Ok, well, I gave him that name. His real name is Ali. But for the sake of this story he will be furthermore called… The Bangler.
The Bangler is a quiet man. A man of focus and repose. His creations delight the hearts of women and children all over the world, while also allowing men the satisfaction of saying, “Yeah, honey. I picked that out for you.” And his creations are made with love… and weird wooden tools that have some of the most uncreative names on the planet. But alas, sitting criss-cross applesauce he weaves and hammers away on his carpet of enlightenment while shoppers pass by to casually say, “Where you from? Pakeestan, sir?”
Oh, if only they knew. The Bangler is no Pakistani folks. His home is very far from such a place. In a distant land you will find The Bangler’s home. It is called… India. Wait, just looked on a map, definitely right next to Pakistan. Well, he’s not Pakistani, he’s Indian. I don’t call you Canadians Americans do I? Haha. Ignorant.
Anyway, I sat with The Bangler for a whole 10 minutes while he sculpted, what he calls, a bangle. Weird that his jewelry and the nickname I gave him are so similar. Again, anyway, as I sat there and watched him take ordinary colorful soft tree wax and turn it into a colorful hardened tree wax I was like, “WOW!” No really, it’s harder than it looks.

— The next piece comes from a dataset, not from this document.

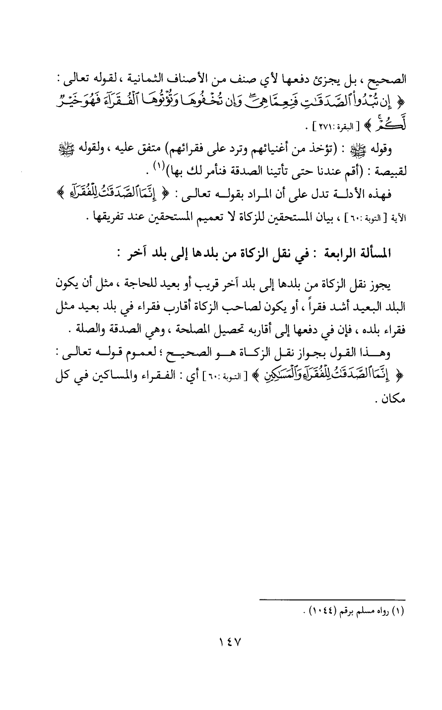 المسألة الرابعة: في نقل الزكاة من بلدها إلى بلد آخر:

First off, he’s got hot coals just chilling there in a metal tray, designed to heat the tree wax that he will soon mold and form to create his fine jewelry. He takes a block of wax, strips off a small sliver, then plops it on the heated tray. He then straightens and flattens it over the tray using something called a “frame”. Once the wax is long and flat he then wraps it around an object called the “wooden rounder”. Stick with me. I know these names are a bit foreign. After rounding the flat waxy bangle, he drops it smoothly onto the hot tray once again and stamps it on the side with something called, wait for it… the “wood handle”. Ooooooooh. A few more rubs with a clothe that looks as old as the bangle maker himself and he was done. The Bangler had made his bangle.
One of the beautiful things about The Bangler, however lovely his creations, was that he was not the first. The Bangler, a.k.a. Ali, a.k.a. Central Market Magic Maker, is actually The Bangler Junior. This man from India, the same land as his father – specifically Rajasthan, India – was taught all of these skills of the trade by his father before him. He calls it his caste work. He wakes up every day at 4 am and heads to the Central Market to make his tchotchkes and doodads, and every day at 7 pm he heads home to his warm bed. He has done this for 2 years now. And although I cannot know his heart, and will not comment on any issues of social justice, he looks and sounds at peace with his work and he takes pride in the skills his father has taught him.
So if you happen to be walking through the Central Market Souk one of these days and see a lovely man sitting cross-legged making bangles, stop by and pick one up, because they are made with intricate care, and involve a good bit of history.